You are braver then I, especially given this:

https://docs.python.org/3.4/library/asyncio.html
"

Note

The asyncio package has been included in the standard library on a
provisional basis. Backwards incompatible changes (up to and including
removal of the module) may occur if deemed necessary by the core
developers. "




--
Adrian Klaver
adrian.klaver@aklaver.com


Re: Sanitize schema name

From
Ludovic Gasc
Date:

On 11 May 2015 02:17, "Adrian Klaver" <adrian.klaver@aklaver.com> wrote:
>
> On 05/09/2015 11:55 PM, Ludovic Gasc wrote:
>>
>> 2015-05-10 2:41 GMT+02:00 Adrian Klaver <adrian.klaver@aklaver.com
>> <mailto:adrian.klaver@aklaver.com>>:
>>
>>
>>     On 05/09/2015 01:03 PM, Ludovic Gasc wrote:
>>
>>         2015-05-08 0:12 GMT+02:00 Adrian Klaver
>>         <adrian.klaver@aklaver.com <mailto:adrian.klaver@aklaver.com>
>>         <mailto:adrian.klaver@aklaver.com
>>
>>         <mailto:adrian.klaver@aklaver.com>>>:
>>
>>
>>              On 05/07/2015 01:06 PM, Ludovic Gasc wrote:
>>
>>                  Thanks all for your answers, you understand well my need.
>>
>>                  About PQescapeIdentifier:
>>                  1. An idea of release date for the next version of
>>         psycopg2 ?
>>                  2. Are you sure it's enough to protect against SQL
>>         injections,
>>                  because
>>                  you can read in the documentation: *Tip:* As with string
>>                  literals, to
>>                  prevent SQL injection attacks, SQL identifiers must be
>>         escaped
>>                  when they
>>                  are received from an untrustworthy source.
>>
>>                  About format() it doesn't work for schema, example:
>>                  SELECT format('SELECT * FROM %I WHERE id=1', 'lg.devices')
>>                  => SELECT * FROM "lg.devices" WHERE id=1
>>                  SELECT * FROM "lg.devices" WHERE id=1
>>                  => ERROR:  relation "lg.devices" does not exist
>>                  LIGNE 1 : SELECT * FROM "lg.devices" WHERE id=1
>>                                            ^
>>
>>                  ********** Error **********
>>
>>                  ERROR: relation "lg.devices" does not exist
>>
>>
>>              Try:
>>
>>              SELECT format('SELECT * FROM %I.%I WHERE id=1', 'lg',
>>         'devices')
>>
>>
>>         Ok, now, it works, but, I need to launch the query two times:
>>         First time
>>         with SELECT format(, a second time with the result of the first
>>         query.
>>         It should be possible to execute that only in one pass ?
>>
>>
>>     As far as I know, only in plpgsql:
>>
>>     http://www.postgresql.org/docs/9.4/static/plpgsql-statements.html#PLPGSQL-QUOTE-LITERAL-EXAMPLE
>>
>>     Hence the previous suggestion about creating a psycopg2 function
>>     that you could use directly.
>>
>>
>> Ok, at least to me, it's the ideal situation.
>>
>>
>>
>>
>>
>>
>>              Still not sure why you cannot use search_path and avoid the
>>         schema
>>              qualification altogether?
>>
>>
>>         Because I use a pool of pgsql sockets where no connexions are
>>         dedicated
>>         to one particular client.
>>
>>
>>     So all the clients are connecting to a single database with many
>>     schemas, each schema unique to a client?
>>
>>
>> Exactly.

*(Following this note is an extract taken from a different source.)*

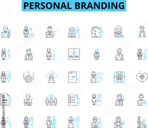 Personal branding linear icons set. Identity, Image, Reputation, Presence, Storytelling, Authenticity, Consistency line vector and concept signs. Clarity,Perception,Messaging outline Generative AI

With that, I can easily generate cross statistics between
>> clients for billing, because I've a hierarchy of clients.
>>
>>
>>
>>         I could change that each time just before to execute each query,
>>         but it
>>         shouldn't be very efficient.
>>
>>
>>
>>     So is the login role for each client unique, where you could use
>>     ALTER ROLE SET search_path to have it preset:
>>
>>     http://www.postgresql.org/docs/9.4/interactive/sql-alterrole.html
>>
>>
>> Thanks for your help, but this suggestion doesn't fit with my need: If I
>> do that, I need to have a dedicated connection for each client.
>> The idea is to mutualize pgsql connections for all clients like an
>> applicative "virtualization": for some big clients, it will use several
>> connections from the aiopg's pool, for some others, it uses no connections.
>
>
> You are braver then I, especially given this:
>
> https://docs.python.org/3.4/library/asyncio.html
> "
>
> Note
>
> The asyncio package has been included in the standard library on a provisional basis. Backwards incompatible changes (up to and including removal of the module) may occur if deemed necessary by the core developers. "

Brave certainly not, early adopter, yes.
In the same time, before to use AsyncIO, I had a mixin between Twisted for WebSockets and telephony + flask for http.
Now, I have all-in-one daemons for all protocols, aiohttp for http and WebSockets, panoramisk for telephony and API-Hour as a glue between that.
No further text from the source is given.